Next comes the interest rate call. In this case it is true that interest rates will have to stay up longer than they would if this inflation problem didn’t exist – don’t expect a mass slowdown in growth to push the RBNZ into action. Wat says that this isn’t that bad as interest rates are lower than they were in the 90’s. However, we are in a very different situation than we were in the 90’s.

Over recent years global financial trends have kept interest rates low. This has allowed New Zealand to borrow heavily from the rest of the world – which is why our current account deficit is so high. Now that global interest rates are rising again, the cost of financing this debt will be high. Note that we didn’t have as large a current account deficit back in the 90’s, which implies that even if interest rates were higher back then our level of debt with the rest of the world was lower. Given that most of this debt is private debt, the fact that interest rates are going to stay high is a fair concern to raise.

Finally we have the inflation target itself. David says set it at 1%, Wat says the target doesn’t matter too much as long as inflation remains in single figures. Now to evaluate these claims we have to look at the costs of inflation.

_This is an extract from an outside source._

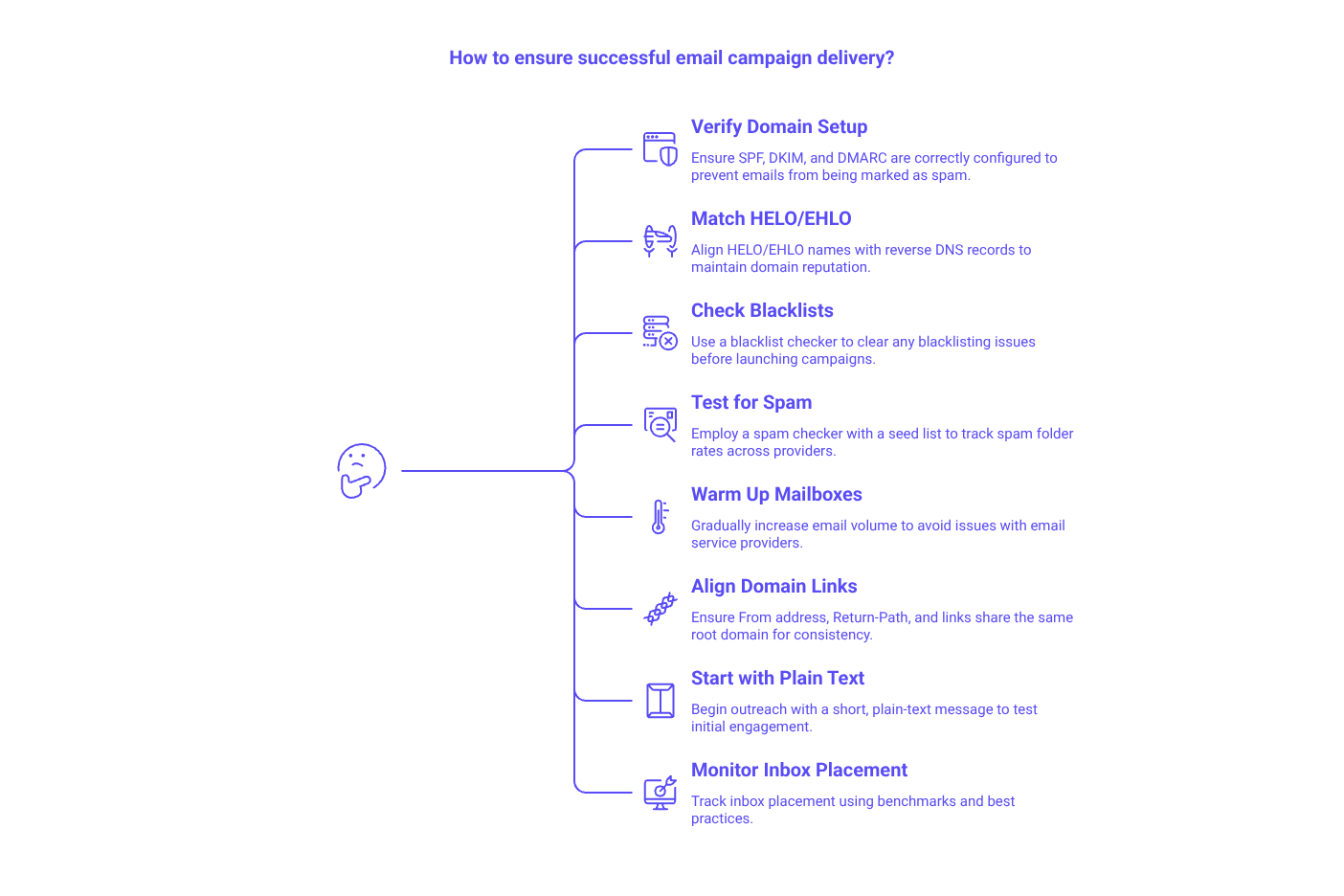 - Use a blacklist checker for your domains and IP addresses. Clear any blacklisting before launching campaigns.

Higher inflation leads to more price volatility for two reasons. First, high rates of inflation are more unstable leading to varying rates of growth over time. Secondly, as Wat says, some prices are stickier than others. This stickiness can cause problems even when inflation is steady as the relative price between sticky and non-sticky items cannot be set appropriately – implying that when adjustment comes it can be more varied than required (think of it this way, if prices can only be changed at a certain date they will over-compensate the price increase based on expected inflation. If firms can’t observe whether they are having relative price changes or inflation then this timing mechanism will be sufficient to make prices jump around).

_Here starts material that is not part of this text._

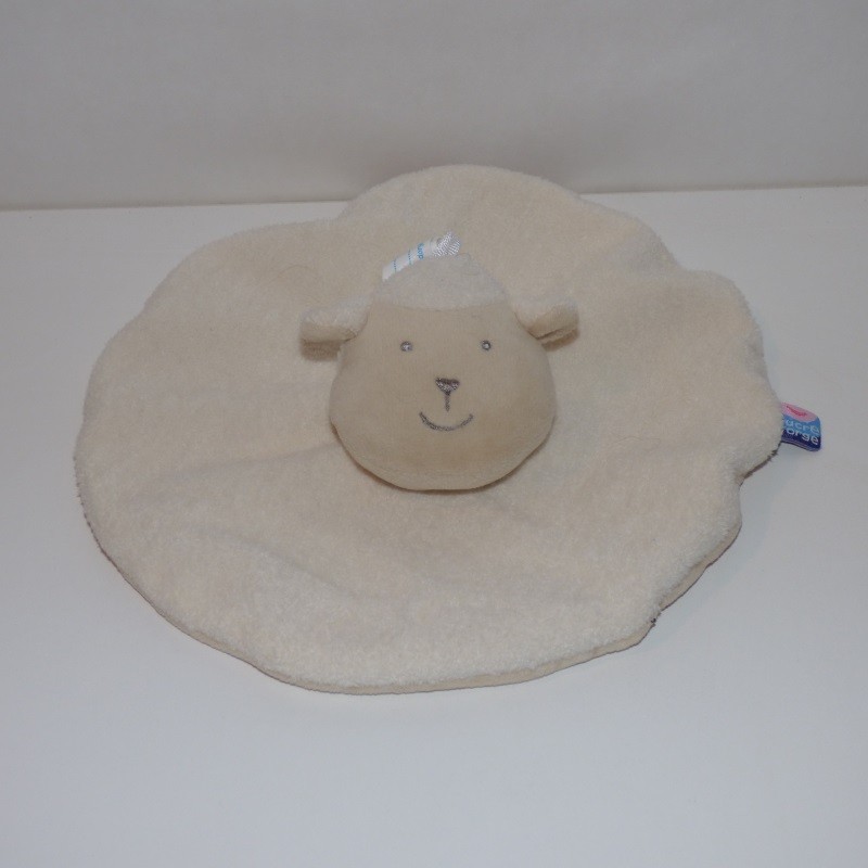 Doudou Mouton Plat Rond Beige et Blanc Cassé Sucre d Orge

This uncertainty damages investment intentions, and creates transaction costs for cognitively limited agents such as myself 😉

Furthermore, prices are important in an economy because they help to allocate goods where they are most highly valued. If relative prices do not move effectively then we lose efficiency in the allocation of resources.

There are also other costs of inflation, such as shoe-leather costs and menu costs (see wiki 😉 ). However these costs are relatively minor in the grand scheme of things.

Now inflation becomes self-fulfilling, which is one of the main reasons why we want to avoid it. How does this work. Well if prices are rising 4%, people may expect them to rise 4% over the next year. This tells businesses that if they want to keep relative prices the same they should lift prices by 4% . Furthermore, it tells workers that if they want to keep the same spending power they have to demand a wage increase of 4%. As a result, we don’t only want to keep inflation down to avoid these costs – we also want to keep inflation down to keep these costs down in the future (see long-run phillips curve).

As a result, inflation is something it would be nice to avoid (unless we believe higher rates of inflation lead to greater levels of price flexibility – an argument I can sort of buy). This leads me to the conclusion that Wat was being a bit generous with inflation when he said it could sit in single figures, and as a result I think a target in the 1%-2% range is fine (given potential benefits of some inflation to “oil the wheels of prices” and the fact that we want to avoid any deflation passionately).

So my opinion is, either set a target band for the short run, or a target point for the medium-long term, have the target about 1%-2%. The RBNZ understands these long term costs of inflation, and is mandated to deal with it – which is why I’m confident they will leave rates elevated over the rest of the year.

  • There was a good study published somewhere once that argued against a 0-2% band as too low. The argument was that the corresponding decrease in interest rates would leave central banking authorities less room to provide monetary stimulus when needed, perhaps leading to more Japan-style problems.

  • “perhaps leading to more Japan-style problems”

    The old liquidity trap – that is indeed a good reason for having some degree of positive inflation.

    On a slight tangent, what interests me is the fact that per capita GDP growth in Japan has actually been reasonable in recent years – the reason GDP growth has been so weak is that they have had a falling population.

    As a result, I feel that a falling population may explain part of their deflationary problem – namely because the fact that a falling population reduces demand for non-tradables.

  • Kimble

    I have never heard a decent argument FOR inflation beyond the ‘oil the wheels of prices’ mentioned above. So it always startles me when I run into someone who says high inflation isnt that bad.

    Am I missing their argument, or do they not have one at all? Is there another side to the debate?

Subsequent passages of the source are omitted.